Seorang pria asal Australia mendadak mendapatkan rezeki nomplok setelah menemukan puluhan modul memori RAM di garasi rumahnya.
Tumpukan perangkat keras bekas yang sempat berdebu tersebut ditaksir memiliki nilai pasar lebih dari USD 12.000 atau sekitar Rp 188 juta.
Melalui platform Reddit, pemilik akun VastOption875 menceritakan momen saat dirinya membongkar unit server lama peninggalan tempat kerja lamanya.
Perangkat server tersebut memang diizinkan untuk dibawa pulang setelah perusahaan melakukan peremajaan sistem perangkat keras.

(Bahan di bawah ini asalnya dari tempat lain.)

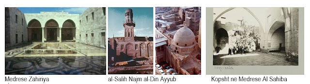 Dinastia Ayyubid erdhi në pushtet nën udhëheqjen e Salah al-Din (r. 1169–93), i njohur si Saladini. Arkitektura Ejubide shfaq një vazhdimësi midis dy traditash:  Fatimide të vonë dhe Memluke të hershme. Ejubidët lanë një traditë mbresëlënëse të arkitekturës ushtarake, e ndërtuar kryesisht në përgjigje të luftës së tyre me Kryqtarët. Një numër fortesash të ndërtuara fillimisht nga Kryqtarët u morën më vonë nga Ejubidët, të cilët i rinovuan dhe zgjeruan. Një zhvillim tjetër i kësaj periudhe janë pallatet e banimit të sundimtarëve brenda kështjellave të tyre.  Ndërkohë, krijimi i medreseve, institucioneve të larta të mësimit fetar, të tilla si Zahiriya (1219) në Alepo dhe ai i al-Salih Najm al-Din Ayyub (1243) në Kajro, ilustrojnë interesin e Ayubitëve për arsimin. Në këtë periudhë një rol të rëndësisëhm kanë luajtur dhe gratë, psh. Medreseja Al Sahiba në Damask (1233) u ndërtua nga Rabia Khatun, si dhe Mauzoleumi i al-Salih Najm al-Din Ayyub (1250), u porosit nga gruaja e tij Shajar al-Durr.  Në plan, medresetë Ayyubid zakonisht përbëhen nga një oborr i rrethuar nga dy deri në katër iëane, si dhe dhoma më të vogla për studentët dhe mësuesit. Me kalimin e kohës, plani me katër iëan u bë mbizotërues. Ejubidët gjithashtu futën një kombinim të mauzoleumit dhe medresesë drejt fundit të sundimit të tyre.

Hasil pembongkaran menunjukkan server itu menyimpan 30 keping modul RAM DDR4-2666 dengan kapasitas masing-masing 64GB.
Total keseluruhan kapasitas memori yang ia temukan mencapai hampir 2 Terabyte berkat spesifikasi kelas server tersebut.
Lonjakan Harga Memori Pasar Sekunder
Di berbagai platform e-commerce global, satu keping RAM DDR4 64GB kelas server rata-rata dibanderol sekitar USD 400.
Modul tersebut merupakan tipe dual-rank ECC yang dirancang khusus untuk mendukung server berkinerja tinggi seperti Intel Xeon dan AMD Epyc.
Nilai jualnya di pasar sekunder menjadi jauh lebih tinggi di tengah lonjakan harga memori generasi terbaru yaitu DDR5.
Tingginya harga DDR5 membuat permintaan terhadap modul DDR4 kembali meningkat tajam di kalangan konsumen maupun korporasi.
Bahkan, perusahaan teknologi besar seperti Meta turut memanfaatkan kembali RAM DDR4 dari server lama untuk mesin server AI mereka.
Tren tingginya minat pasar ini juga mendorong produsen semikonduktor meningkatkan volume produksi memori DDR4 dan motherboard pendukung.